At the end of their visit, which lasts two and a half hours, Anna feels happy at the prospect of having made a friend. Later in the evening, she is watching a film when Alistair Russell rings her doorbell. Anna is disoriented by her afternoon of drinking and by her medication; when Alistair introduces himself and asks if she has had any visitors, Anna slurs in response. She tries to determine Alistair’s motive in asking the question, explaining that she has been on her own that evening.

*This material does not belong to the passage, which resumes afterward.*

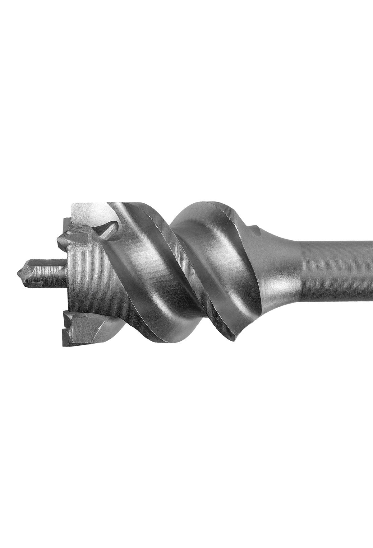 - Высокое качество сверления — цельная конструкция оснастки позволяет минимизировать радиальное и торцевое биение в процессе работы, что исключает отклонение бура от заданной оси.
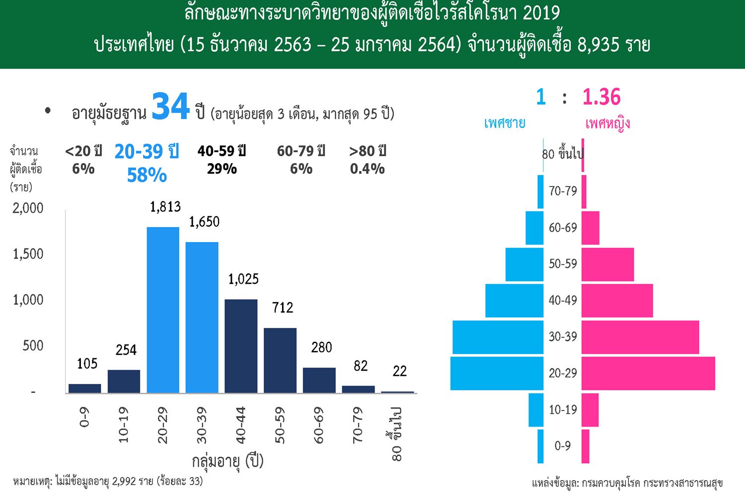 โดยผู้ป่วยอยู่ในกลุ่มอายุระหว่าง 20-29 ปีมากสุดที่ 1,813 ราย คิดเป็น 58% รองลงมา คือ กลุ่มอายุระหว่าง 40-59 ปี ที่ 1,650 ราย คิดเป็น 29% ซึ่งสองกลุ่มนี้ถือว่าเป็นกลุ่มที่อยู่ในวัยทำงาน และส่วนใหญ่เป็นการติดเชื้อแบบไม่แสดงอาการ จึงไม่รู้ตัวว่าป่วย ทำให้มีการเดินทางไปยังหลายสถานที่ และส่งผลให้มีการระบาดในกลุ่มวัยนี้มากที่สุด

Alistair leaves as Anna tells him to thank his wife for the candle that Ethan delivered; he looks surprised and does not respond. Anna peers through her camera at the Russell home before going to bed, and she sees Ethan, Jane, and Alistair talking in the living room. She frames a photograph but puts the camera down without taking the picture.

Chapters 20-26 Summary: “Wednesday, November 3”

Anna wakes at nearly 10:30am, hungover. She looks online for Dr. Wesley Brill, her former colleague and business partner. When she speaks with Ed, she tells him the truth about her mixing alcohol with drugs and about Jane’s visit; he scolds her, suggesting she see less of the Russells. Anna becomes emotional as she talks with Ed, but their conversation is interrupted when Anna hears someone in her kitchen. She is about to call 911 when she realizes that the man is David; he has come up to the house through the basement door to look for a box cutter. Alistair Russell has asked David to help him unpack boxes, so David leaves with the box cutter as Bina arrives for Anna’s physical therapy session.

Anna first met Bina after leaving the hospital nearly 10 months earlier. They have lunch together after Anna’s exercises, and Bina hears the toilet flush in David’s downstairs apartment. They acknowledge that David has someone over, and Bina calls him a “slut.”

On the Agora, Anna feels “radiant” after a friendly chat with GrannyLizzie. At 5pm, she sips her wine and considers what movie to watch that evening when she hears a scream from the Russell home, followed by another scream. She calls directory assistance for the Russell’s phone number and calls the house; Ethan answers the phone, tells Anna that “[h]e just lost his temper” (116), and hangs up. Anna tries to find David, but he is not home, so she calls the Russells again, only to hear Alistair’s voice answer the phone. She tells him that she heard screaming from his house, watching him through her window as he denies any problem at the house and hangs up the phone. Perplexed, Anna sees Jane leave the Russell home and walk west.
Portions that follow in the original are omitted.